#### Try it:
Leave the images out and repeat the data exactly as given.

___ Collected material ___

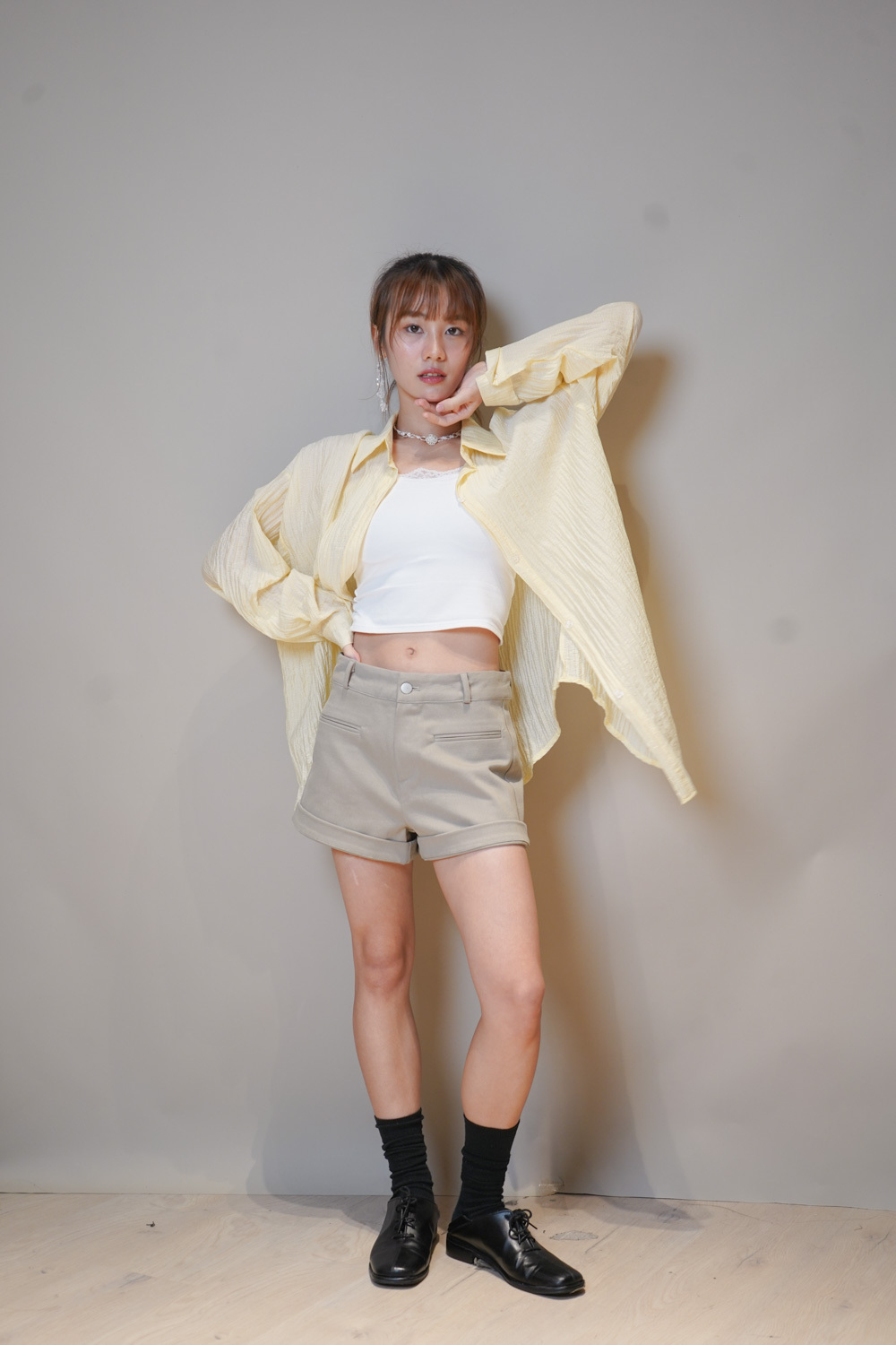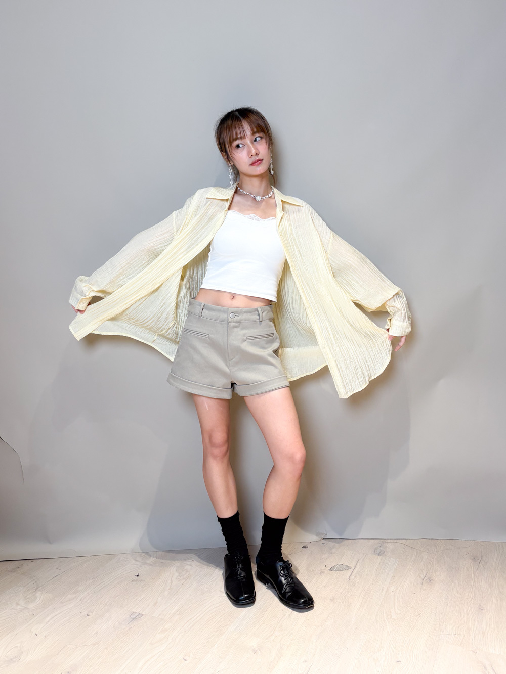 Happy price~ elastic jungle roll up shorts (WHITE / BEIGE)- (S/M)
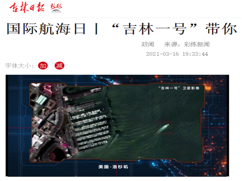 ● 彩练新闻-国际航海日丨“吉林一号”带你“航游”世界 3月17日是“国际航海日”,在2021年国际航海日来临之际,“吉林一号”卫星从太空传回了中国香港、美国洛杉矶、韩国釜山、日本横滨等7个知世界著名港口及航道的卫星视频影像,影像中排列有序的集装箱、型号各异的船舶、川流不息的车辆清晰可见。 “吉林一号”带领大家从卫星的视角一起“航游”世界,共赏盛景。 2021-03-16
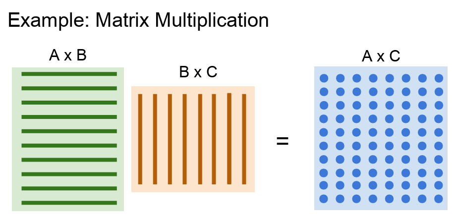 - GPU는 결과 행렬의 각 요소들을 병렬로 계산할 수 있으며 이러한 특성 때문에 GPU는 엄청나게 빠르다

___

#### Response for this exercise:
 Happy price~ elastic jungle roll up shorts (WHITE / BEIGE)- (S/M)
 ● 彩练新闻-国际航海日丨“吉林一号”带你“航游”世界 3月17日是“国际航海日”,在2021年国际航海日来临之际,“吉林一号”卫星从太空传回了中国香港、美国洛杉矶、韩国釜山、日本横滨等7个知世界著名港口及航道的卫星视频影像,影像中排列有序的集装箱、型号各异的船舶、川流不息的车辆清晰可见。 “吉林一号”带领大家从卫星的视角一起“航游”世界,共赏盛景。 2021-03-16
 - GPU는 결과 행렬의 각 요소들을 병렬로 계산할 수 있으며 이러한 특성 때문에 GPU는 엄청나게 빠르다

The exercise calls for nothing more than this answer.